New clause 1 concerns duration and would cause the Bill’s provisions to cease to have effect five years after it is passed. In 2019, we stood on a manifesto commitment to ban imports from the trophy hunting of endangered animals. I therefore propose that the sunset clause be added for the simple purpose of ensuring that the Act, should it prove unsuccessful in protecting endangered species, can be withdrawn. If, on the other hand, after five years, the Act does in fact prove successful in achieving the stated aims of our manifesto commitment, the Secretary of State would have the power to extend the expiration date by up to five years.

I have been concerned throughout the progress of the Bill that it is not motivated by a desire to see African wildlife flourish and prosper. If it were, it would have paid heed to the scientific evidence provided by experts in conservation. British conservationists Professor Amy Dickman and Adam Hart have argued that 90% of protected areas with lions are severely underfunded. Removing trophy hunting without providing suitable alternative revenue will expose those underfunded protected areas to further risks, such as poaching. According to the International Union for Conservation of Nature red list, trophy hunting is not considered to be a threat driving any species to extinction. Instead, trophy hunting generates revenue for anti-poaching and habitat conservation. It has been recognised as a positive tool for conservation in multiple species—including black rhino, white rhino, argali, macaw, some populations of lion, and white-tailed deer—and maintains extensive areas of wildlife habitat.

High commissioners from Namibia, South Africa, Tanzania and Zimbabwe argued in a letter to the Minister of State in the Foreign Office:

“Well-managed trophy hunting—the prevailing model in all our countries—contributes to reductions in habitat loss and poaching. It has proved a demonstrable conservation tool for multiple species, including endangered ones such as black rhinos.”

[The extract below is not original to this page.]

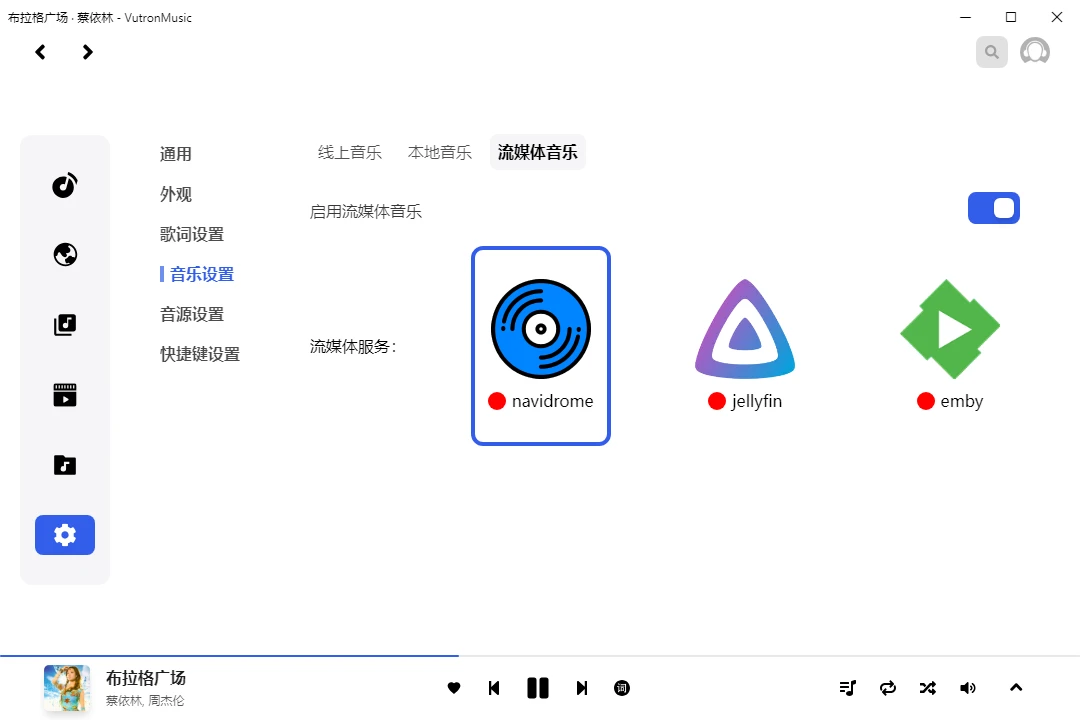 除了常规的在线听歌之外,设置里面还提供了流媒体音乐的支持:

Maxi Louis, the director of NASCO, the Namibian Association of Community Based Natural Resource Management Support Organisations, wrote in a letter to my hon. Friend the Member for Crawley (Henry Smith):

“Take away those employed to protect wildlife in the reserves and poachers move into the vacuum. This quickly leads to huge losses of endangered animals. Yet what really angers us is how these animals die. Snaring leads to appalling injuries and pitifully slow deaths. Poisoning is traumatic, lions vomiting for hours, as they pass away.”

She wrote that

“when Botswana had a temporary ban on paid hunting there was a 593% increase in fresh elephant carcasses being found.”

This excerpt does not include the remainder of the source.